Anagnostis Theodoropoulos

Genetic pollution in amphibians and reptiles

Invasive species contribute to biodiversity loss through a variety of mechanisms. One of the least discussed yet significant among them is genetic pollution: anthropogenic hybridization between native and introduced species or populations. This process targets biodiversity at the genetic level, effectively rewriting parts of the native gene pool. More than a decade ago, the non-native Anatolian crested newt (Triturus anatolicus) was introduced into Montnegre i el Corredor Natural Park (Catalonia, Spain), where it began hybridizing uncontrollably with the native marbled newt (T. marmoratus). The invasion irreversibly damaged the native population, prompting eradication efforts to prevent further spread. In this study, we used target sequence capture (NewtCap) and mtDNA sequencing to assess the frequency, directionality, and fertility of these hybrids. We also compared the invasive genotypes to a reference dataset spanning the native range of T. anatolicus in Turkey to identify the source of the introduction.
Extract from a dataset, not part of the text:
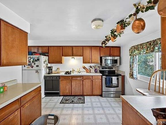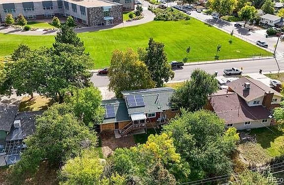 Don't miss this great home in the Chambers Heights community! Great stated home for a new family and the newer school is across the street. Bi-Level home with 2 bedrooms on the upper floor and 2 on the lower floor and one full bathroom and 3/4 bathroom. You will find the following: James Hardie Siding installed March 2009 Color of siding: Country Lane red siding White with tempered Glass bow insert Vinyl Frames and sash rails double pane windows – glass top to bottom – Tilt -in-sashes, dual top and bottom lift handles, Low-E. Water Heater installed in April 2018 plus water connectors and ball valve shutoffs for water. 2018 – Electric outlet for electric car in garage was installed with a permit. Furnace force air gas and central air conditioning new in 2025. Front Door – Regency Windows – Oak grain Textured Steel double front door with kick plate and dead bolt, decorator glass, low-e glass, double glass, Double door easy for opening of stationary side to provide an extra-large opening area. Soffit – Stud above soffit, Arctic White February 2009 and Gutters Seamless 2 x 3 5” cotton white February 2009. Tesla Solar Panels are paid in full ($25,000 value) to help keep your utility bills low. Large lot surrounded by a 6-foot privacy fence - endless potential to create your outdoors! Conveniently located by parks, schools, shopping, the neighborhood is well-connected by public transportation, with the 13th Avenue RTD Station serving as a light rail hub. Additionally, there are multiple bus stops and access to Interstate 225 and US Route 287, 6th Ave, I-70. Just a little TLC to complete your new home.

Our results confirm the presence of fertile F1 hybrids and later-generation backcrosses, despite the deep evolutionary divergence between the species (~25–30 Mya) and the infrequent hybridization between T. marmoratus and the native crested newt, T. cristatus. We detected strong directionality in hybridization, with crosses predominantly occurring between T. marmoratus males and T. anatolicus females. Later-generation hybrids were found to only backcross with T. marmoratus, suggesting potential for adaptive introgression into the native gene pool. Given that T. anatolicus is thought to be less susceptible to the fungal pathogen Batrachochytrium salamandrivorans (Bsal), this raises the possibility of adaptive alleles entering the native gene pool. Additionally, the origin of the invasive population was traced to Lake Abant in western Turkey. This study highlights the severe consequences of anthropogenic hybridization and the need for gene-wide monitoring to inform management actions.